Asian Markets and China’s Economic Direction
Asian equities presented a mixed picture overnight, marked by low trading volumes and a lack of significant news. South Korea saw consecutive gains of 1% for the first time since early July, while the Philippines lagged behind. Market attention remained focused on China, where the Central Economic Work Conference (CEWC) convened, setting the stage for the nation’s economic agenda. An unsubstantiated report circulated, suggesting intentional weakening of the Renminbi (RMB) to counter US tariffs, a claim that contradicts China’s current easing monetary policy, indicated by record-low 10-year government bond yields. This easing, coupled with persistent tariff concerns, has deterred foreign investment in Chinese bonds, despite attractive yields.

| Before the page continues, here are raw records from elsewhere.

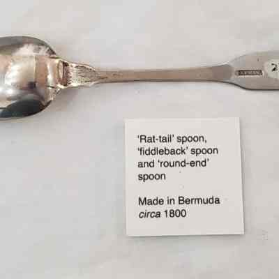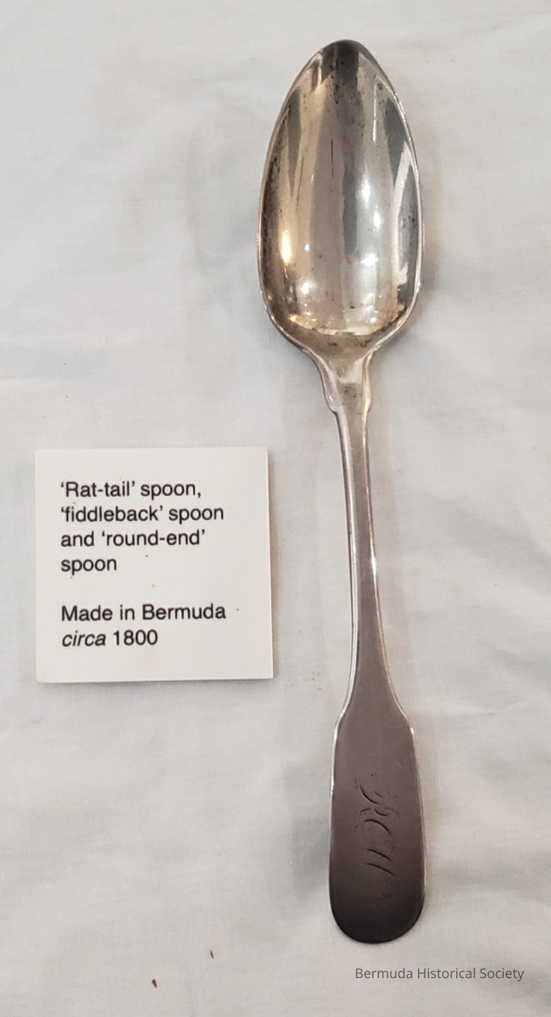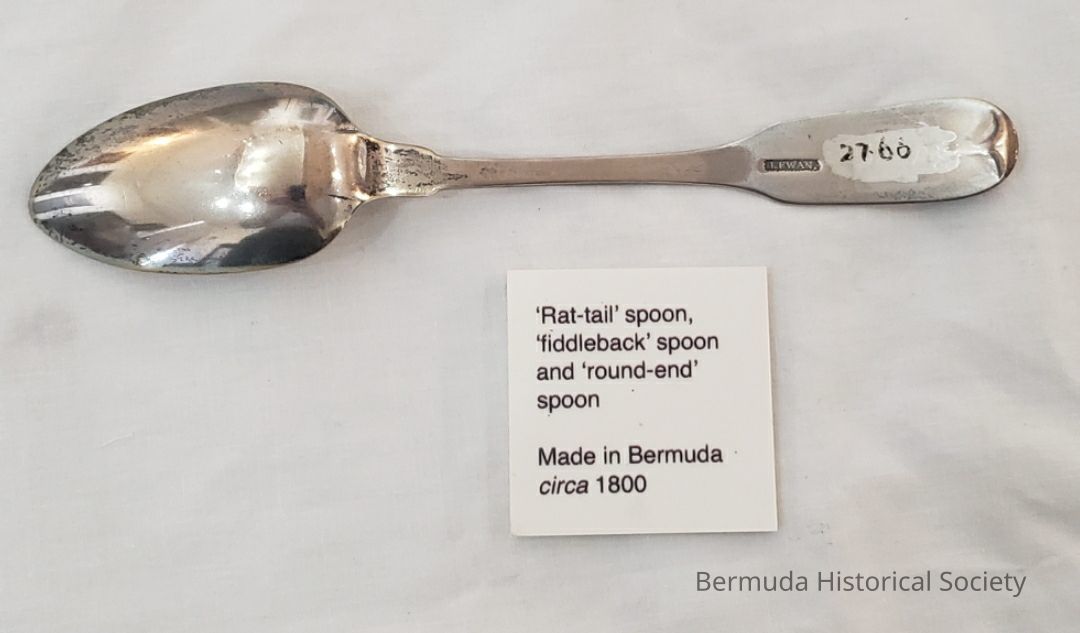 1 dessert spoon, 27.66. M# 247. Donated by the late Major Ian C. Morgan; RCW on handle; Stamp J Ewan
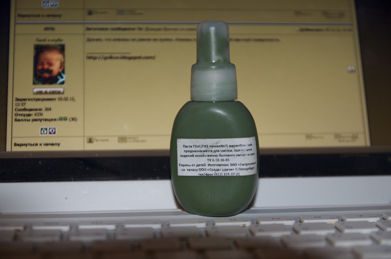 Re: Доводка бритвы на ремне с пастойПо цвету увы не определить номер ГОИ, подумайте сами от чего зависит насыщенность зеленного цвета в пасте - от размера частиц оксида хрома, или от их концентрации в общей массе вещества. От процентной доли этого хрома в массе пасты конечно же. Да, концентрация хрома так же зависит от номера пасты, но эта зависимость была лишь в те далекие былинные времена настоящей ГОИ по ГОСТу, а не ТУ, сейчас по цвету не определить номер.
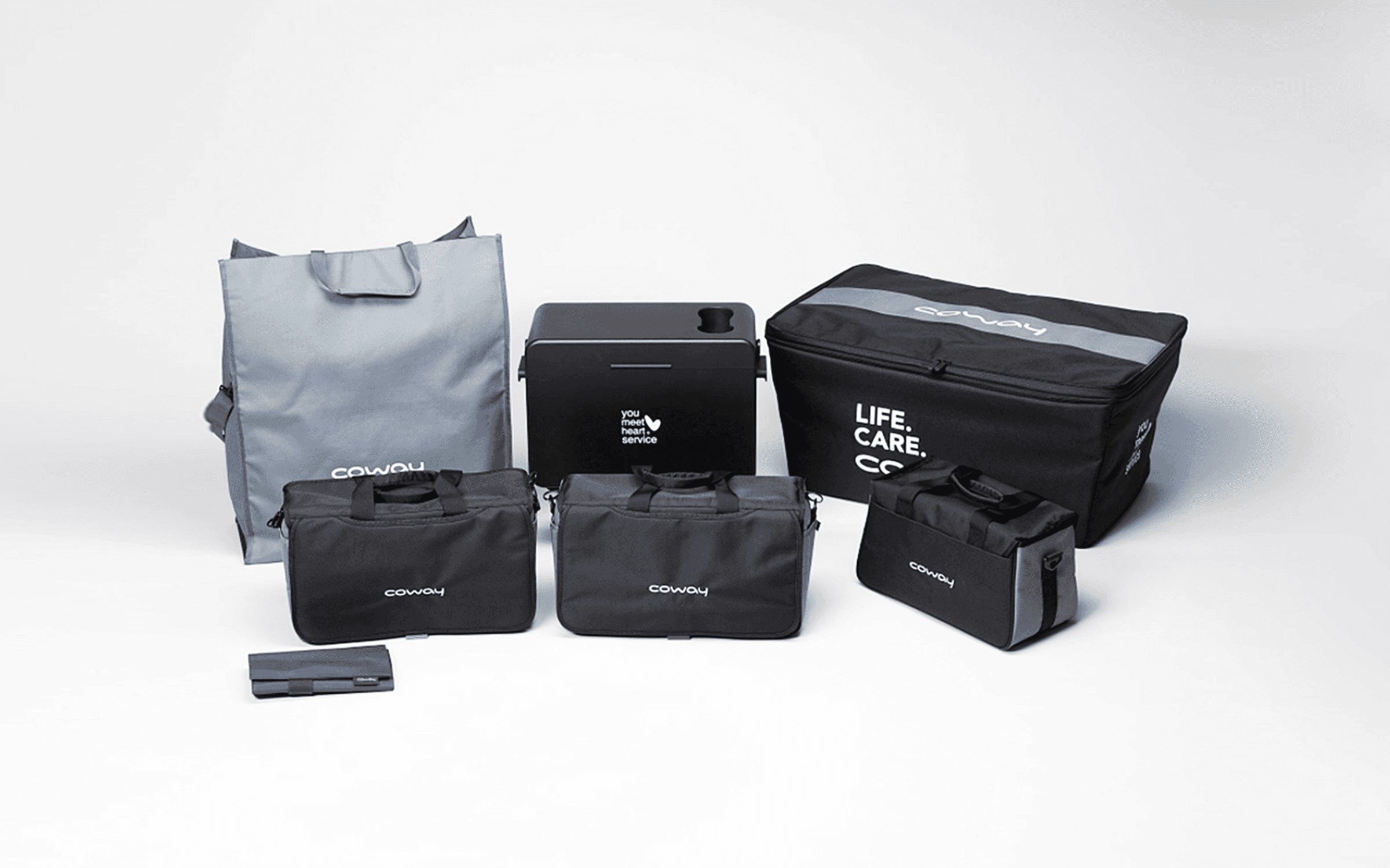 Coway provides ongoing maintenance services for its products, including filtering the product, replacing consumables, cleaning the inside of the product, etc. The professionals responsible for these services are called "cody." The new service tool bag increases work efficiency, reinforces the identity of coders as service professionals, and gives customers the experience and feeling that they are being professionally maintained by experts.
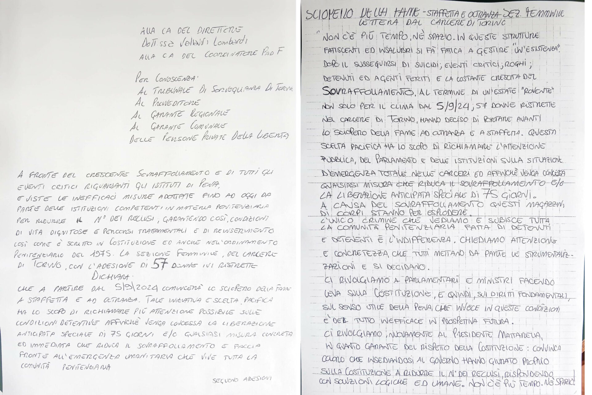 Sciopero della fame – staffetta a oltranza sezione femminile. Lettera dal carcere di Torino

CEWC and Potential Economic Stimulus
The CEWC, while typically lacking in specifics, holds significant weight as it lays the groundwork for the detailed economic plan to be formalized during the Dual Sessions in March. Market anticipation is high for a strong statement from the CEWC, particularly given the inclusion of President Xi in the recent Politburo release title. Expected areas of focus include bolstering the housing market and local governments, potentially extending existing consumption subsidies currently covering automobiles, home appliances, and electronics, to encompass broader consumer sectors such as textiles and restaurants. Such measures aim to stimulate domestic demand and offset external trade pressures.
Subsidies, Employment, and Structural Reforms
Extending consumption subsidies to sectors like textiles and restaurants could significantly impact employment, especially considering the substantial workforce involved in automobile manufacturing, electronic industries, and the food service sector. For instance, BYD alone employs over 700,000 individuals. This emphasis on consumer-focused industries suggests a concerted effort to boost domestic demand and maintain employment levels amid global economic uncertainty. Beyond immediate stimulus measures, the CEWC might also address underlying structural issues, such as China’s limited social safety net – encompassing healthcare, pensions, and social security – and the rights of migrant workers. Reinforcing this expectation, a Mainland media outlet highlighted the Ministry of Human Resources and Social Security’s plan to expand the individual pension system nationwide.
Market Reaction and Hong Kong Dynamics
Mainland Chinese investors responded positively to the potential expansion of consumption subsidies, with sectors like retail, leisure products, household goods, textiles, and liquor outperforming. This optimism suggests a belief in the efficacy of such measures to boost consumer spending. Conversely, Hong Kong markets slipped, reflecting lingering foreign investor skepticism awaiting concrete policy implementation. Growth stocks generally declined, with the exception of electric vehicle (EV) stocks, buoyed by strong November sales figures and rumors of the Cybertruck’s launch in China. Regulatory scrutiny of stock recommendations on social media platforms, primarily targeting individuals rather than the platforms themselves, posed minimal concern. Mainland investors capitalized on the Hong Kong dip, injecting $937 million into Hong Kong stocks and ETFs, although volumes in favored ETFs remained light. Corporate buybacks, totaling RMB 160 billion ($336 billion) by 2,446 mainland companies in 2024, represent another supportive factor.
Detailed Hong Kong and Mainland Market Performance
The Hang Seng and Hang Seng Tech indices retreated, while overall volumes were significantly below the one-year average, mirroring the cautious sentiment pervasive in the market. Short selling activity also declined, suggesting reduced bearish pressure. Utilities, materials, and consumer staples were the leading sectors, while technology, real estate, and consumer discretionary lagged. Southbound Stock Connect volumes, indicative of Mainland investor participation, exceeded pre-stimulus levels, with notable net buying in the HK Tracker ETF, China Mobile, and Alibaba, offset by net selling in Tencent, Meituan, Xiaomi, and Sunac.
Meanwhile, Mainland markets presented a mixed performance, with Shanghai and Shenzhen edging higher while the STAR Board declined. Trading volumes were elevated compared to the one-year average, and growth stocks outperformed value stocks. Energy, real estate, and materials sectors led the gains, while financials, communication services, and industrials lagged. Northbound Stock Connect volumes were also above average, highlighting continued cross-border investment flows. Currency movements saw the RMB and the Asian dollar index depreciating against the US dollar. Treasury bonds rallied, reflecting a flight to safety, while commodity markets showed mixed results with copper rising and steel declining. Overall, the market dynamics pointed to cautious optimism tinged with anticipation for concrete policy announcements from the CEWC.